RELEVANT 1940 ACT SECTION: Order requested under section 6(c) of the
1940 Act for exemptions from sections 26(a)(2)(C) and 27(c)(2) thereof.
SUMMARY OF APPLICATION: Applicants seek an order permitting the
deduction from the assets of the Separate Account of a mortality and
expense risk charge imposed under certain individual and group flexible
purchase payment deferred variable annuity contracts (the
``Contracts'').
FILING DATE: The application was filed on November 17, 1993 and amended
on January 31, 1994.
HEARING OR NOTIFICATION OF HEARING: An order granting the application
will be issued unless the Commission orders a hearing. Interested
persons may request a hearing by writing to the Commission's Secretary
and serving Applicants with a copy of the request, personally or by
mail. Hearing requests must be received by the Commission by 5:30 p.m.,
on March 4, 1994, and should be accompanied by a proof of service on
the Applicants, in the form of an affidavit or, for lawyers, a
certificate of service. Hearing requests should state the nature of the
writer's interest, the reason for the request, and the issues
contested. Persons may request notification of the date of a hearing by
writing to the Secretary of the Commission.
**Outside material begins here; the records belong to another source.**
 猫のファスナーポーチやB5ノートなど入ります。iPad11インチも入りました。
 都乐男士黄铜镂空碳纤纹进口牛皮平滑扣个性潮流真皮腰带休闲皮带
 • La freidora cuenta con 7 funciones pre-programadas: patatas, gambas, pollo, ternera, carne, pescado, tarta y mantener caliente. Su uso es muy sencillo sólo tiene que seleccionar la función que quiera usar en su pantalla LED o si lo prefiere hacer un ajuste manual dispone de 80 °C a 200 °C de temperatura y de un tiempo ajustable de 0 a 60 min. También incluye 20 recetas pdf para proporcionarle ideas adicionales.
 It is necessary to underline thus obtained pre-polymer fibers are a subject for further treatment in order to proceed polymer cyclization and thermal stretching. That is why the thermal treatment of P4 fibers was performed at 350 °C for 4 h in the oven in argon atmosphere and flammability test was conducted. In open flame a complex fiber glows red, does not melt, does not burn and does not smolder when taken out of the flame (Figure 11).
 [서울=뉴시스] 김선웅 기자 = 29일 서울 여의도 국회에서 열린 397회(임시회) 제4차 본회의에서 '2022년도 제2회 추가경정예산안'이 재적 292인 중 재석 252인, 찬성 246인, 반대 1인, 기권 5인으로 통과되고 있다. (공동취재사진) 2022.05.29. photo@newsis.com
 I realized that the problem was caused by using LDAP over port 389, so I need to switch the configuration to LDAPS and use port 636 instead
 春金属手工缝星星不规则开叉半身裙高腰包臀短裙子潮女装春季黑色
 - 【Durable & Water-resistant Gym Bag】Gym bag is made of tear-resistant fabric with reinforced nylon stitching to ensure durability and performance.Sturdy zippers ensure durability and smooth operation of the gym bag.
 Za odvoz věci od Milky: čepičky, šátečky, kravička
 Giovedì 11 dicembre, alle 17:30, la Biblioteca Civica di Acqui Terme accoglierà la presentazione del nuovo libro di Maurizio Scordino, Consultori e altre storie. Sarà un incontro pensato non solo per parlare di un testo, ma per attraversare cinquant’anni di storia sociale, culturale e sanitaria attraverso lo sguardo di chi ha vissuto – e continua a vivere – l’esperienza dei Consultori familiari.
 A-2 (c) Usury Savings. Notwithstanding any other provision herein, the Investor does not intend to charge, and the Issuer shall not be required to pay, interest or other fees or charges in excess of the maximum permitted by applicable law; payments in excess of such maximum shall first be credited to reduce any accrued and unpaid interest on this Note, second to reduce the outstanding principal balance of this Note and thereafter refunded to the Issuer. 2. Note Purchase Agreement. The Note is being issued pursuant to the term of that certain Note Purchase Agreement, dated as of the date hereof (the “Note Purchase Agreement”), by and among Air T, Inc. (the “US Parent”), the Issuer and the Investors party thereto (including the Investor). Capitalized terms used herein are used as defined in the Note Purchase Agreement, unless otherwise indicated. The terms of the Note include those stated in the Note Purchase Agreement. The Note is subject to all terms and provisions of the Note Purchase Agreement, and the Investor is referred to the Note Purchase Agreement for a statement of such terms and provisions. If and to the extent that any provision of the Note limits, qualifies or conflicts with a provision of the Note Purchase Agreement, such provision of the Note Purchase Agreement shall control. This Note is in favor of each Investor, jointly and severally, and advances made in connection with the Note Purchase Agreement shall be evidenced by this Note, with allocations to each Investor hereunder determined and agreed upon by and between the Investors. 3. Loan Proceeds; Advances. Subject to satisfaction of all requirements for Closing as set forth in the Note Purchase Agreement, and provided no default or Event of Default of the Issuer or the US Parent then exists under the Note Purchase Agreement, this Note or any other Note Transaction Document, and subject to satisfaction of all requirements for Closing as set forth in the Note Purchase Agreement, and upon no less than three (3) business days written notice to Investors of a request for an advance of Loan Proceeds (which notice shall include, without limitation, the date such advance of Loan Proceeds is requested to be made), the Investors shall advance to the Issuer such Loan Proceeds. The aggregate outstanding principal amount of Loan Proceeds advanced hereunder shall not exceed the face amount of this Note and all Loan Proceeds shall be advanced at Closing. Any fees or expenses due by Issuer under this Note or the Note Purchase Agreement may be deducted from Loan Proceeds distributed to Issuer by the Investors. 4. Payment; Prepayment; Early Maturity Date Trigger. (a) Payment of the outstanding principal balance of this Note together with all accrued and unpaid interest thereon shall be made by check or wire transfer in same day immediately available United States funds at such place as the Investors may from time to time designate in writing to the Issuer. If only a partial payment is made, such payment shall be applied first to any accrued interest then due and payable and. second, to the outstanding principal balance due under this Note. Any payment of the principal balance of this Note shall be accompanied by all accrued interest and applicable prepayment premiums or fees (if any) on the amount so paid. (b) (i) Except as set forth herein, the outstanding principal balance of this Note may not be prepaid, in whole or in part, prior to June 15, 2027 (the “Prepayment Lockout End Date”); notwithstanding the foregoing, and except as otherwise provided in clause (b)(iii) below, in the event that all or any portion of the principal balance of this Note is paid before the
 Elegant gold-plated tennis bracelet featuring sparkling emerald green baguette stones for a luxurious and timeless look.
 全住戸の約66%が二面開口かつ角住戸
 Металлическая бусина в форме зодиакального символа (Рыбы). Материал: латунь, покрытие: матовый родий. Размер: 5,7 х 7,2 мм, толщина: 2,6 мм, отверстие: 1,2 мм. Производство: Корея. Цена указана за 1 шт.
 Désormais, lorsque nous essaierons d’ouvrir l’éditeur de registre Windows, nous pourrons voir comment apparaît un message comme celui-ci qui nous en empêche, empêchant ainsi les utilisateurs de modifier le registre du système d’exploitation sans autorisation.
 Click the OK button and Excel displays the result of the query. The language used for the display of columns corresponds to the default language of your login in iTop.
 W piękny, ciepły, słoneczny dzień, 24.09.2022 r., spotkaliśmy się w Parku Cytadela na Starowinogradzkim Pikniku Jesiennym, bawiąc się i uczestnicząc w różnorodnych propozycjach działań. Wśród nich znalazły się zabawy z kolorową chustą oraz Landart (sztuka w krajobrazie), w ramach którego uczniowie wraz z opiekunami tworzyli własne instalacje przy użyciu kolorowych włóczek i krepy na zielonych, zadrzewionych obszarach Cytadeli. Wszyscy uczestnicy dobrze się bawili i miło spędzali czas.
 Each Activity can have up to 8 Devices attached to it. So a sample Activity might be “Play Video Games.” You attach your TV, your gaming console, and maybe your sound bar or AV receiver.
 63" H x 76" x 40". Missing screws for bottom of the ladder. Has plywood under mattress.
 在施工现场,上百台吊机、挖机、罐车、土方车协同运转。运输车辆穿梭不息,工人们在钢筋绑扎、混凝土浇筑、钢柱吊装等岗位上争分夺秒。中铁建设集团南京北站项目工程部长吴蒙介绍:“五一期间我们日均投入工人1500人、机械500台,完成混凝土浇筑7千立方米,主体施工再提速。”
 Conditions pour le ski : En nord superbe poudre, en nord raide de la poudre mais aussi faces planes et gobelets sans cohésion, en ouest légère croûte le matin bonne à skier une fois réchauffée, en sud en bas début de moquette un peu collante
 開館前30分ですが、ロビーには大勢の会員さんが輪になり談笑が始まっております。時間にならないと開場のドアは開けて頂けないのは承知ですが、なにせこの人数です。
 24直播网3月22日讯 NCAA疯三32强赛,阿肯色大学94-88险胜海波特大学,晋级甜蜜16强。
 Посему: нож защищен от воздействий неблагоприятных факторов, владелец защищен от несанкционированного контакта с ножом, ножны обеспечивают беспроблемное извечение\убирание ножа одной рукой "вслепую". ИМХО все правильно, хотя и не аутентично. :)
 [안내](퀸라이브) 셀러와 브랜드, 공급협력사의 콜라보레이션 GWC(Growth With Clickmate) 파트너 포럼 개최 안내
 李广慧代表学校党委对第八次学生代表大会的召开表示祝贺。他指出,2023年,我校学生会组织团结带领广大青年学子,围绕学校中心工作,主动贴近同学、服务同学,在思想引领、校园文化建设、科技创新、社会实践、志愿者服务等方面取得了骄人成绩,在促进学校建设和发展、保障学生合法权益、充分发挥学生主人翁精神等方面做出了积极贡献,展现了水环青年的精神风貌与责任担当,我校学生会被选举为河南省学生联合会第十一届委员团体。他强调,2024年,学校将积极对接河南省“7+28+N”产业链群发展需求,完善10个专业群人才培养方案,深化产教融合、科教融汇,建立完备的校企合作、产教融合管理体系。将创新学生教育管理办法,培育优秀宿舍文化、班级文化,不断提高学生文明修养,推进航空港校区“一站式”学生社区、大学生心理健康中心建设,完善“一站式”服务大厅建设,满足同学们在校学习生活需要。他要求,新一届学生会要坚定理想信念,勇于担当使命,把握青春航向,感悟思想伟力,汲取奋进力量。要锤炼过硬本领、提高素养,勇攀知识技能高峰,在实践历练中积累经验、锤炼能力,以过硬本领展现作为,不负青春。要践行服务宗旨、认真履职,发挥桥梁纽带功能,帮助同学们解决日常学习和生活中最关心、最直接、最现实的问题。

ADDRESSES: Secretary, Securities and Exchange Commission, 450 Fifth
Street, NW., Washington, DC 20549. Applicants, c/o James W. Dederer,
Esq., Transamerica Life Insurance Company, 1150 South Olive, Los
Angeles, CA 90015.
FOR FURTHER INFORMATION CONTACT:
Joyce M. Pickholz, Senior Attorney, or Wendell M. Faria, Deputy Chief,
at (202) 272-2060, Office of Insurance Products, Division of Investment
Management.
SUPPLEMENTARY INFORMATION: The following is a summary of the
application. The complete application is available for a fee from the
Commission's Public Reference Branch.
Applicants' Representations
1. Transamerica is a stock life insurance company incorporated
under the laws of California in 1906.
2. The Separate Account was established by Transamerica on
September 28, 1993. Schwab will serve as the distributor and principal
underwriter of the Contracts.
3. The Contract is a flexible purchase payment deferred variable
annuity which can be purchased on a non-tax qualified basis or used as
a funding vehicle in connection with certain retirement plans which
qualify for favorable income tax treatment. Purchase payments under the
Contracts will be allocated to one or more sub-accounts of the Separate
Account. The initial purchase payment under a Contract must be at least
$5,000. Additional purchase payments of at least $1,000 each may be
made at any time before the annuity date.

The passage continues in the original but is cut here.